Task objective = Exact reproduction of all the data is required, with pictures excluded.

Provided entries =
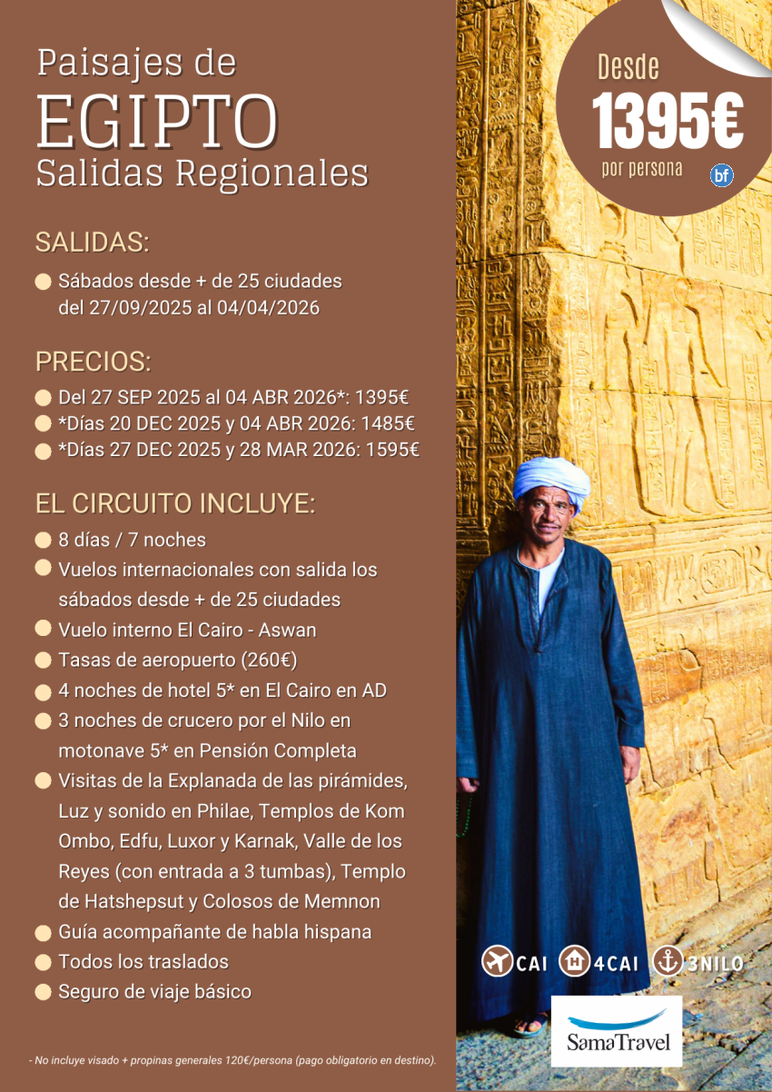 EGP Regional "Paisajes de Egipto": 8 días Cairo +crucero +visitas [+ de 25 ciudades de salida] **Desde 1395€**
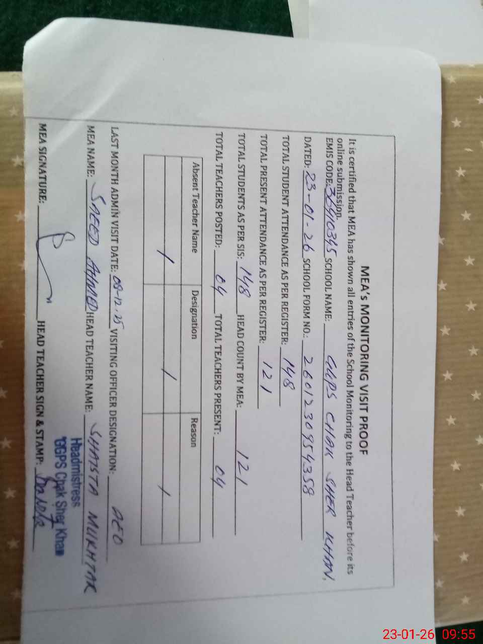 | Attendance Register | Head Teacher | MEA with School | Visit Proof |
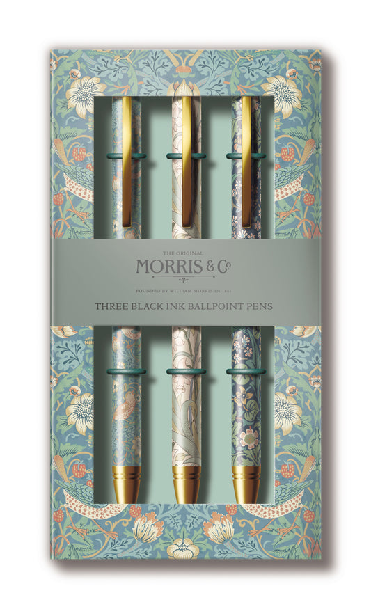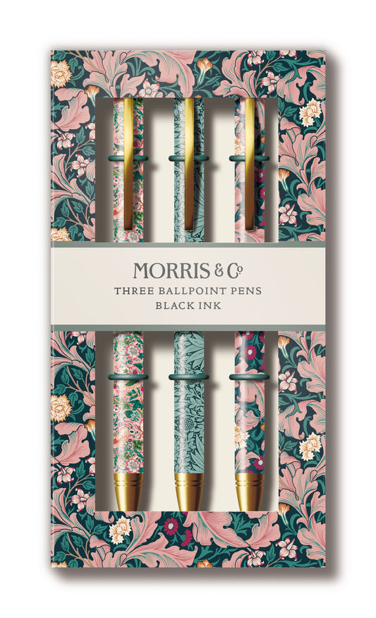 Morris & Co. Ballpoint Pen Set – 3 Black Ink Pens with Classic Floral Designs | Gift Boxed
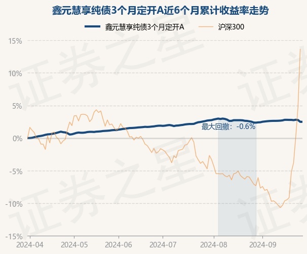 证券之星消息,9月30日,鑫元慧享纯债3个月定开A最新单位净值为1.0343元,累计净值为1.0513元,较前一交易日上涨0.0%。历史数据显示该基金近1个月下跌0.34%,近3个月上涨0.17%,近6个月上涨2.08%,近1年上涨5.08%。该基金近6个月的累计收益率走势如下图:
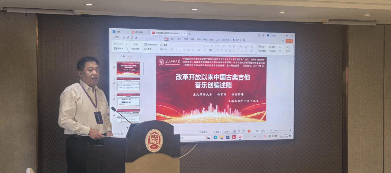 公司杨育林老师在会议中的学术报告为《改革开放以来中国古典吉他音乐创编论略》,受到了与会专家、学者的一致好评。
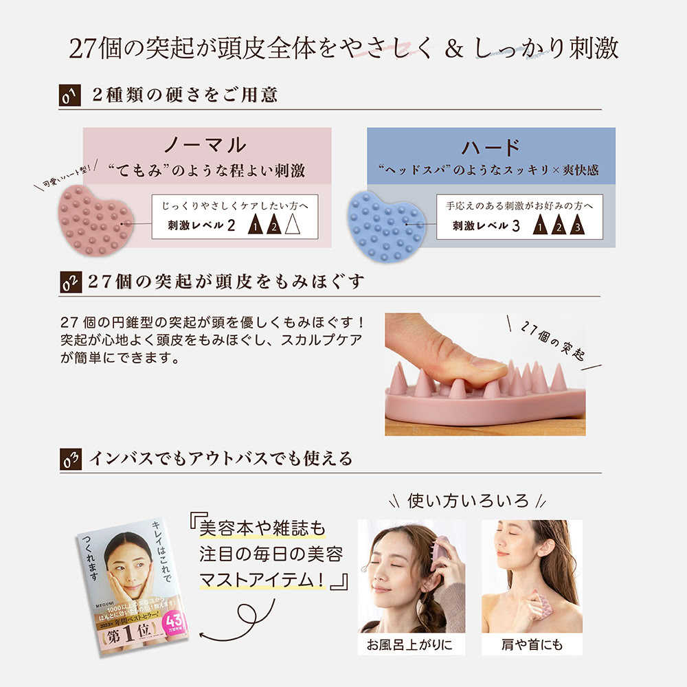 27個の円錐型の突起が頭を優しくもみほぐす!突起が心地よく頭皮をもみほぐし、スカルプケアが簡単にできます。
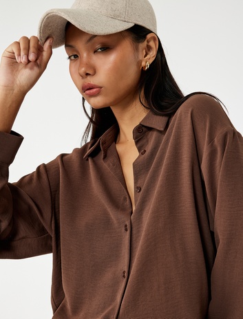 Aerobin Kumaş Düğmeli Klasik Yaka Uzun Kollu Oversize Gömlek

Response =
 EGP Regional "Paisajes de Egipto": 8 días Cairo +crucero +visitas [+ de 25 ciudades de salida] **Desde 1395€**
 | Attendance Register | Head Teacher | MEA with School | Visit Proof |
 Morris & Co. Ballpoint Pen Set – 3 Black Ink Pens with Classic Floral Designs | Gift Boxed
 证券之星消息,9月30日,鑫元慧享纯债3个月定开A最新单位净值为1.0343元,累计净值为1.0513元,较前一交易日上涨0.0%。历史数据显示该基金近1个月下跌0.34%,近3个月上涨0.17%,近6个月上涨2.08%,近1年上涨5.08%。该基金近6个月的累计收益率走势如下图:
 公司杨育林老师在会议中的学术报告为《改革开放以来中国古典吉他音乐创编论略》,受到了与会专家、学者的一致好评。
 27個の円錐型の突起が頭を優しくもみほぐす!突起が心地よく頭皮をもみほぐし、スカルプケアが簡単にできます。
 Aerobin Kumaş Düğmeli Klasik Yaka Uzun Kollu Oversize Gömlek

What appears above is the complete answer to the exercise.